What the task asks » Please output exactly the lines of the material from the first through the line containing "Commanding in scale", and nothing more.
═════ Source data
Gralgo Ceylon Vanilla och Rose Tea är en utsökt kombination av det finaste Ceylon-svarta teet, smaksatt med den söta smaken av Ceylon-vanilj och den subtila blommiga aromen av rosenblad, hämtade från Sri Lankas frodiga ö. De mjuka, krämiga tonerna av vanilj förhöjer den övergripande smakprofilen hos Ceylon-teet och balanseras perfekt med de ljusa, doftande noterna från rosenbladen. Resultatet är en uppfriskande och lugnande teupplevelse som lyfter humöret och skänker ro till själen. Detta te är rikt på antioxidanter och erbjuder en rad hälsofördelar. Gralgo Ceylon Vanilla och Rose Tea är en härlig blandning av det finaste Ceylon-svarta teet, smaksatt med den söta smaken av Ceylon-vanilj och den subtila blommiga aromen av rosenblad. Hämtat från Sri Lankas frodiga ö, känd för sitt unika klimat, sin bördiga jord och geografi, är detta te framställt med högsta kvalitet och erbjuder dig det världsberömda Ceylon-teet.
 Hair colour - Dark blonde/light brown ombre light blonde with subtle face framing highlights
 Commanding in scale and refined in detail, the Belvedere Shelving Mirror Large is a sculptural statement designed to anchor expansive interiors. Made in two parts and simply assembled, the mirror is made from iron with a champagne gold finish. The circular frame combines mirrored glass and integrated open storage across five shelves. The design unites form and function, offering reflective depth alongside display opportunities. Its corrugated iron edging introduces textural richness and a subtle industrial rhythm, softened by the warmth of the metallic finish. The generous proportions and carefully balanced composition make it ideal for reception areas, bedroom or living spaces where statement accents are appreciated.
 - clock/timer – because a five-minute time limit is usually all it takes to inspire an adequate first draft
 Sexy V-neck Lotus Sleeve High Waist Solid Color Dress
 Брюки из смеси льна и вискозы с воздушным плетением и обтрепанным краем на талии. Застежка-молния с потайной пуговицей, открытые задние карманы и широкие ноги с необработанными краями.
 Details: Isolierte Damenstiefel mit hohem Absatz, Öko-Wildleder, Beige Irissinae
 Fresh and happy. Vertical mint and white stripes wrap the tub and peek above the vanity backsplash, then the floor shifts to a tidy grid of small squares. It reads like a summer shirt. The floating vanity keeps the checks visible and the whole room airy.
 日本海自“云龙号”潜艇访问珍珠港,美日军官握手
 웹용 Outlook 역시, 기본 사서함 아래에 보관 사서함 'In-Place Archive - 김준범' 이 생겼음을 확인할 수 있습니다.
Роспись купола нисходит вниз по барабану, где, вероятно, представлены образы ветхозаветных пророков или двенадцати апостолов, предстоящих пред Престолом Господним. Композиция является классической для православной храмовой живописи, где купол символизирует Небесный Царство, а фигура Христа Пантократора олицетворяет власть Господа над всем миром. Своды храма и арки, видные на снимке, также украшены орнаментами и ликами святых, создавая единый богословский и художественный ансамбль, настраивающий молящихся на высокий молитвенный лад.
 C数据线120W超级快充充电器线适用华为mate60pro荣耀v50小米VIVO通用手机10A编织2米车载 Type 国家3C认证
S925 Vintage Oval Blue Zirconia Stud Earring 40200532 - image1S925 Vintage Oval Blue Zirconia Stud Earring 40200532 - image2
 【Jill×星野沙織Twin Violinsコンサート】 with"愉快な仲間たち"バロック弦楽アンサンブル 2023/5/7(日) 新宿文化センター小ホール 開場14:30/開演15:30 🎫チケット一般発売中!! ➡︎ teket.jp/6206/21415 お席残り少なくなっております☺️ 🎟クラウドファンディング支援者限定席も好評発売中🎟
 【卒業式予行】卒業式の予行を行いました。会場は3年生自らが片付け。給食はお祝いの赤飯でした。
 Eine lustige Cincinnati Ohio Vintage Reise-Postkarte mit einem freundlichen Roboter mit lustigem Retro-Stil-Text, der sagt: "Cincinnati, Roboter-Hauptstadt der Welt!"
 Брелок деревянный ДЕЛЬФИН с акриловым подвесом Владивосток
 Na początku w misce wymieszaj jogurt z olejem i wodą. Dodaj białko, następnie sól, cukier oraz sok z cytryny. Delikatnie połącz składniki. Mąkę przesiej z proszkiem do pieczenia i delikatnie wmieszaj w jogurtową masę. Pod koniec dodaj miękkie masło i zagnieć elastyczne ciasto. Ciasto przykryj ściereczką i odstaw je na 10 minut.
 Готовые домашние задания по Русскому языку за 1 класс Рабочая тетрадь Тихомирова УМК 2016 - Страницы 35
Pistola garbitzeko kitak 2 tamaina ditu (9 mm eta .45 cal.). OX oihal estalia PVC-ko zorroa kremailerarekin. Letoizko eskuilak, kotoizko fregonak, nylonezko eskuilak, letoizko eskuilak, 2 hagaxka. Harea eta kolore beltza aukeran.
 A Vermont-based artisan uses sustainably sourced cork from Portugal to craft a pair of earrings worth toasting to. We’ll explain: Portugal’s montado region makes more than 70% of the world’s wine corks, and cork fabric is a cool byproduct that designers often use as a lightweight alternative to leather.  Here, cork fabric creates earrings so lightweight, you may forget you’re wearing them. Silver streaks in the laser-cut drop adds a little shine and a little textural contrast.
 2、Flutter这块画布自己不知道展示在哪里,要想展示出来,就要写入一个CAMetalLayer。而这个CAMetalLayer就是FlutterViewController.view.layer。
══════════
The answer »
Gralgo Ceylon Vanilla och Rose Tea är en utsökt kombination av det finaste Ceylon-svarta teet, smaksatt med den söta smaken av Ceylon-vanilj och den subtila blommiga aromen av rosenblad, hämtade från Sri Lankas frodiga ö. De mjuka, krämiga tonerna av vanilj förhöjer den övergripande smakprofilen hos Ceylon-teet och balanseras perfekt med de ljusa, doftande noterna från rosenbladen. Resultatet är en uppfriskande och lugnande teupplevelse som lyfter humöret och skänker ro till själen. Detta te är rikt på antioxidanter och erbjuder en rad hälsofördelar. Gralgo Ceylon Vanilla och Rose Tea är en härlig blandning av det finaste Ceylon-svarta teet, smaksatt med den söta smaken av Ceylon-vanilj och den subtila blommiga aromen av rosenblad. Hämtat från Sri Lankas frodiga ö, känd för sitt unika klimat, sin bördiga jord och geografi, är detta te framställt med högsta kvalitet och erbjuder dig det världsberömda Ceylon-teet.
 Hair colour - Dark blonde/light brown ombre light blonde with subtle face framing highlights
 Commanding in scale and refined in detail, the Belvedere Shelving Mirror Large is a sculptural statement designed to anchor expansive interiors. Made in two parts and simply assembled, the mirror is made from iron with a champagne gold finish. The circular frame combines mirrored glass and integrated open storage across five shelves. The design unites form and function, offering reflective depth alongside display opportunities. Its corrugated iron edging introduces textural richness and a subtle industrial rhythm, softened by the warmth of the metallic finish. The generous proportions and carefully balanced composition make it ideal for reception areas, bedroom or living spaces where statement accents are appreciated.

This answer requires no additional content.